§ Task requirements:
With the pictures omitted, please transcribe exactly the lines beginning at the one that contains "steel folding buckle." and ending with the last line of the records below.
----- Provided data -----
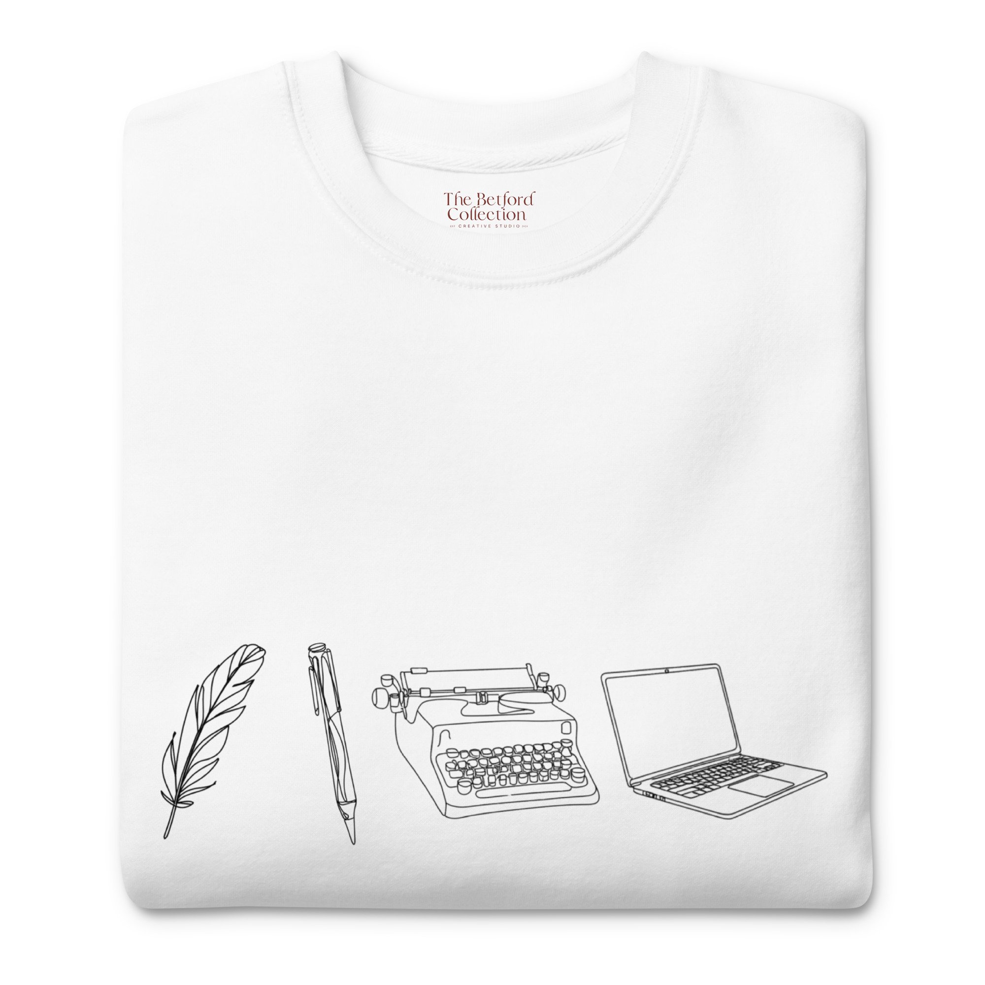 From quill to keyboard — three eras of storytelling, rendered in fine line art. For the writer who carries every version of the craft.
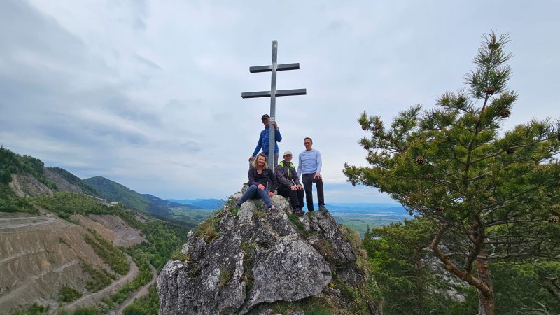 Naproti se vyzývavě tvářil skalnatý útvar upravený k lezení s vrcholovým křížem. Ti co přišli, na něj vylezli.
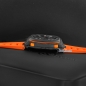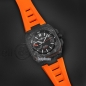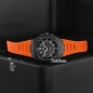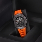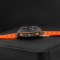 • Orange openworked rubber strap with DLC coated steel folding buckle.
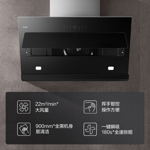 全黑的设计,能够搭配各种装修风格。玻璃钢化玻璃材质,更好打理不粘油污。搭载自主设计电机,飓风风量不留油烟。
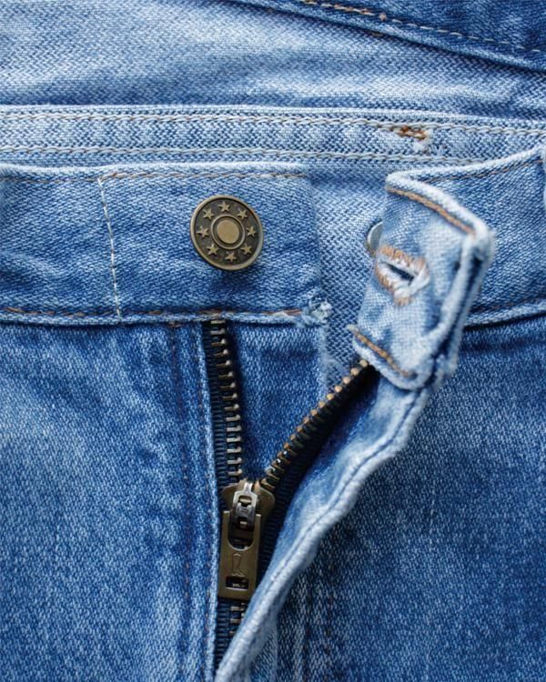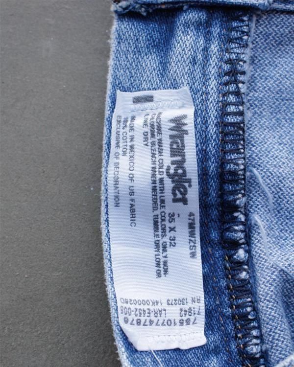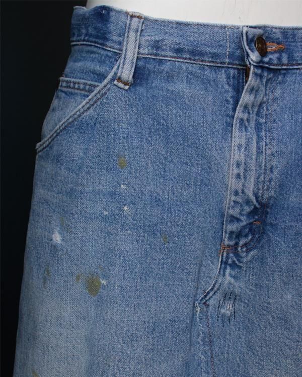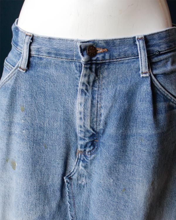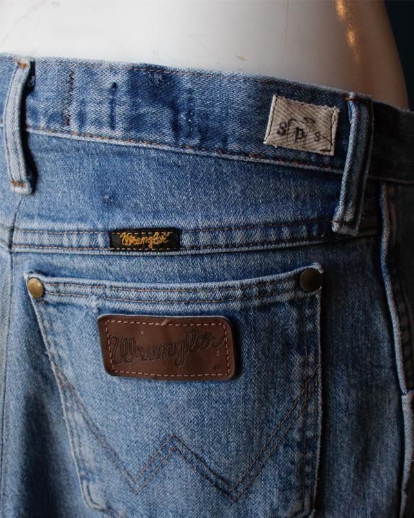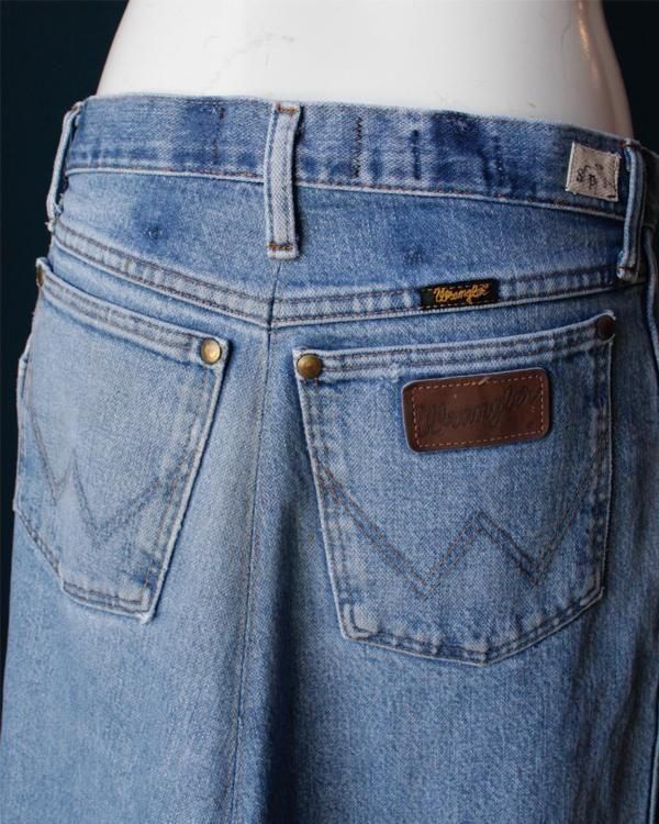 ベルトループ有り。ミドルウォッシュのラングラーのデニムでリメイクしています。
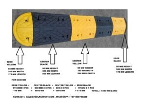 ROAD HUMP 50 MM HEIGHT X 350 MM WIDTH X 1350 MM LONG SET 2 EDGE YELLOW AND BLACK ( DHS. 40 DHS FOR 2 ) + 2 CENTER YELLOW AND BLACK EACH ( DHS 85 FOR 2 ) FIXING BOLT ADDITIONAL
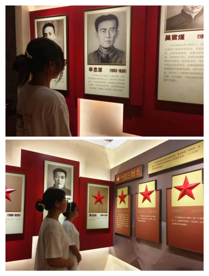 在这里,大家深入了解到辛忠荩烈士的壮烈人生。1927年,这位怀揣救国理想的青年毅然投身革命洪流,在白色恐怖笼罩的岁月里,他以笔为枪、以身为盾,即便被捕后遭受敌人的严刑拷打,仍坚守信仰、绝不屈服,最终用32岁的生命诠释了共产党人“甘将热血沃中华”的赤胆忠心。更令人震撼的是“一门三烈”孙传荣、孙传月、孙传尾兄弟的故事。1938年武汉会战爆发,三兄弟瞒着年迈的母亲相继报名参军,在赣北战场的万家岭战役中,大哥孙传荣率队炸毁日军弹药库时壮烈牺牲,二哥孙传月在马回岭阻击战中与敌人同归于尽,小弟孙传尾在掩护大部队转移时血洒战场。三封未寄出的家书、三件布满弹孔的旧军装,无声诉说着“苟利国家生死以”的家国情怀,让在场队员潸然泪下。
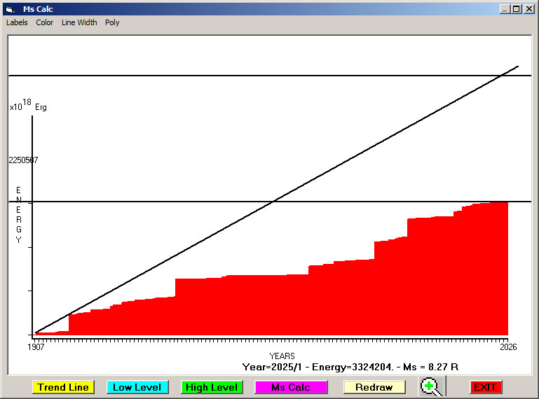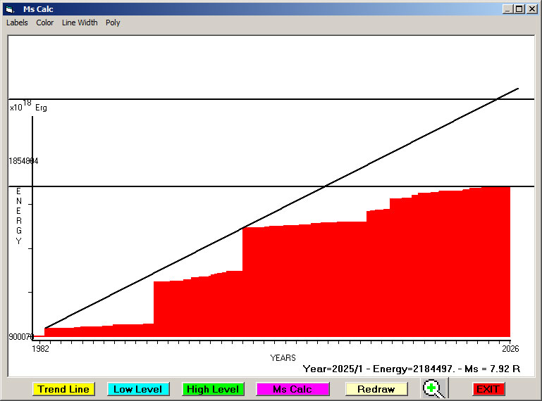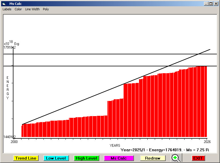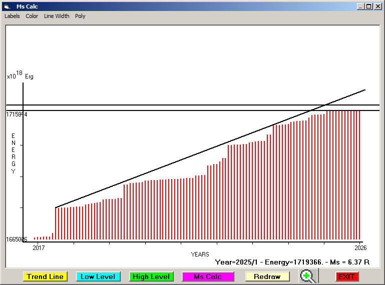 Fig. 14. Expected EQ magnitude due to application of the LSEFM (Lithospheric Seismic Energy Flow Model) on past (since 2024) seismic history of the regional seismogenic area.
-----
§ Response for this exercise:
 • Orange openworked rubber strap with DLC coated steel folding buckle.
 全黑的设计,能够搭配各种装修风格。玻璃钢化玻璃材质,更好打理不粘油污。搭载自主设计电机,飓风风量不留油烟。
 ベルトループ有り。ミドルウォッシュのラングラーのデニムでリメイクしています。
 ROAD HUMP 50 MM HEIGHT X 350 MM WIDTH X 1350 MM LONG SET 2 EDGE YELLOW AND BLACK ( DHS. 40 DHS FOR 2 ) + 2 CENTER YELLOW AND BLACK EACH ( DHS 85 FOR 2 ) FIXING BOLT ADDITIONAL
 在这里,大家深入了解到辛忠荩烈士的壮烈人生。1927年,这位怀揣救国理想的青年毅然投身革命洪流,在白色恐怖笼罩的岁月里,他以笔为枪、以身为盾,即便被捕后遭受敌人的严刑拷打,仍坚守信仰、绝不屈服,最终用32岁的生命诠释了共产党人“甘将热血沃中华”的赤胆忠心。更令人震撼的是“一门三烈”孙传荣、孙传月、孙传尾兄弟的故事。1938年武汉会战爆发,三兄弟瞒着年迈的母亲相继报名参军,在赣北战场的万家岭战役中,大哥孙传荣率队炸毁日军弹药库时壮烈牺牲,二哥孙传月在马回岭阻击战中与敌人同归于尽,小弟孙传尾在掩护大部队转移时血洒战场。三封未寄出的家书、三件布满弹孔的旧军装,无声诉说着“苟利国家生死以”的家国情怀,让在场队员潸然泪下。
 Fig. 14. Expected EQ magnitude due to application of the LSEFM (Lithospheric Seismic Energy Flow Model) on past (since 2024) seismic history of the regional seismogenic area.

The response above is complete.